▶ **HOW TO COMPLETE THIS TASK**:
Reproduce verbatim all of the data given below, but do not carry over the images.

[[ INFORMATION PROVIDED, beginning ]]

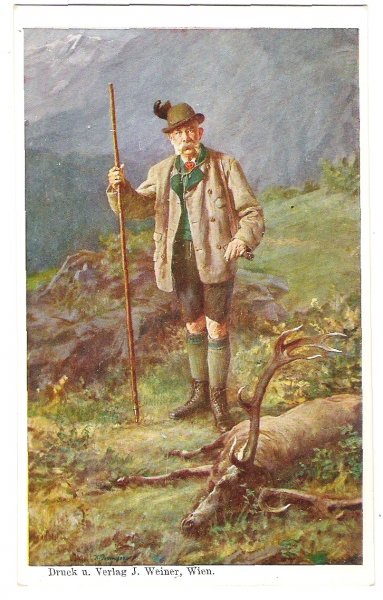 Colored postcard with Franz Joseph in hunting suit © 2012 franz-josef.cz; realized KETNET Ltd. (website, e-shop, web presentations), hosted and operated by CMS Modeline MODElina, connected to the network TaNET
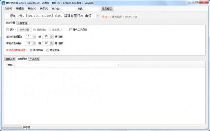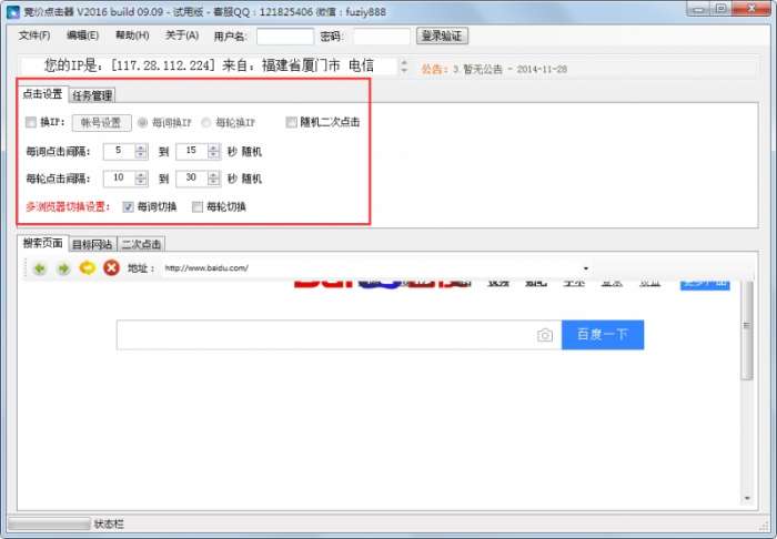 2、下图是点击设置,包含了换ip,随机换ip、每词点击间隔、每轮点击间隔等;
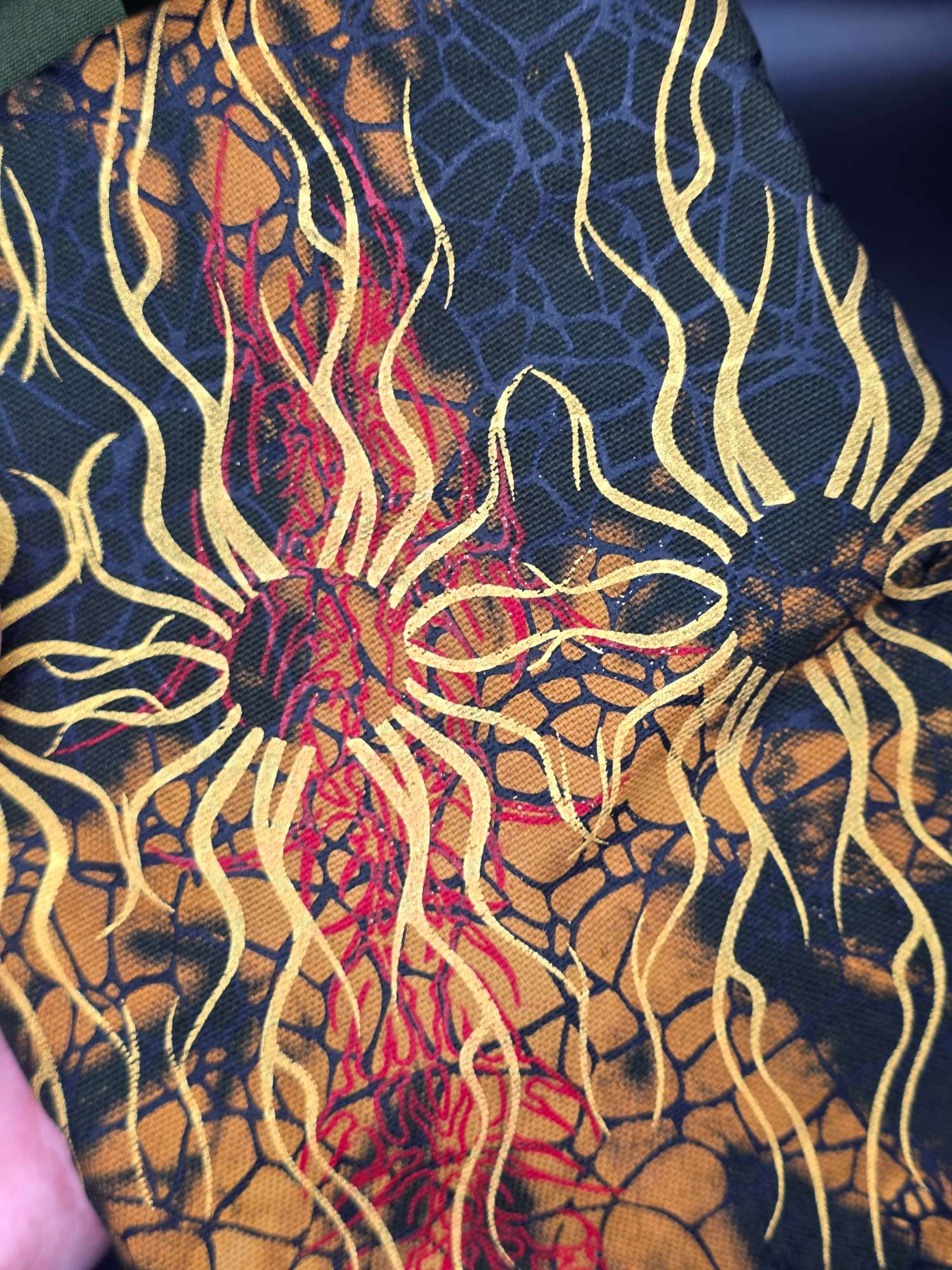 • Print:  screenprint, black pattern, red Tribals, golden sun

[[ INFORMATION PROVIDED, end ]]

▶ **EXERCISE RESPONSE**:
 Colored postcard with Franz Joseph in hunting suit © 2012 franz-josef.cz; realized KETNET Ltd. (website, e-shop, web presentations), hosted and operated by CMS Modeline MODElina, connected to the network TaNET
 2、下图是点击设置,包含了换ip,随机换ip、每词点击间隔、每轮点击间隔等;
 • Print:  screenprint, black pattern, red Tribals, golden sun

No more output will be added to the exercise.